I think of my own family; when I was born, everyone in my family, and all of the photographs carefully lined up of those that had gone before, were of the super-pale variety found on the British Isles and in Northern Europe. Turn us loose in the sun for twenty minutes without sunscreen and we look like a family of lobsters.

And yet, over the generations, we have chosen to marry and procreate with people of color. Then, since there were already Black and Asian children in the family, the family members that could not have children adopted two children, the first one white, the second Black. At family parties, the Black relatives all congregate for part of the festivities, then move out to rejoin the rest of us.

And I know it’s not at all the same as for Morrison’s fictional family, because Lula Ann’s parents didn’t have the choice to be all white, or to bring people of color into the family. My generation and the Caucasian members of subsequent generations have had the power to choose who would be in their immediate family; of course, our Black and Asian relatives also had a choice of who to marry, but they also had less power socially and economically, so again: not the same thing. They have none of the history, none of the rage that is inherent of being a son or daughter of a grandson or granddaughter of slaves.

Lula Ann is instructed to call her mother “Sweetness”. There’s deniability there. Her mother doesn’t want people to think…to think something is wrong.
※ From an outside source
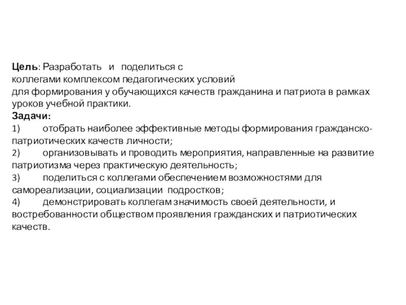 Слайд 2Цель: Разработать и поделиться с коллегами комплексом педагогических условий

She grows up, ironically, to become a model who is prized for her dark skin. She turns it into a brand, with help from a friend, and wears only white, using the name “Bride”. White clothing day in, day out, to emphasize her darkness. She owns a cosmetic brand but wears no cosmetics. She needs to appear pure in order to carry it off.

She has a man, until he finds out the secret that is buried in her past. Actually, he doesn’t know the whole thing, and that’s where the trouble begins.

Literary fiction often carries power and authority that nonfiction can’t convey, and so it is with God Help the Child. I suspect professors that teach African-American Studies are putting it on their required reading list, and that’s a great thing, because there is so much to think about packed into this slender volume.

If you don’t have this book, get it and read it. If you don’t have the money, go to your local library and put yourself on the waiting list. And if it is assigned to you to read for a class, please, please, don’t buy a paper to get out of reading it (and don’t copy this blog post and turn it in as if it were your own). Don’t read the Cliff Notes. Read the book. It is both accessible and potent. It may be the most important book you read all year, and you won’t forget it.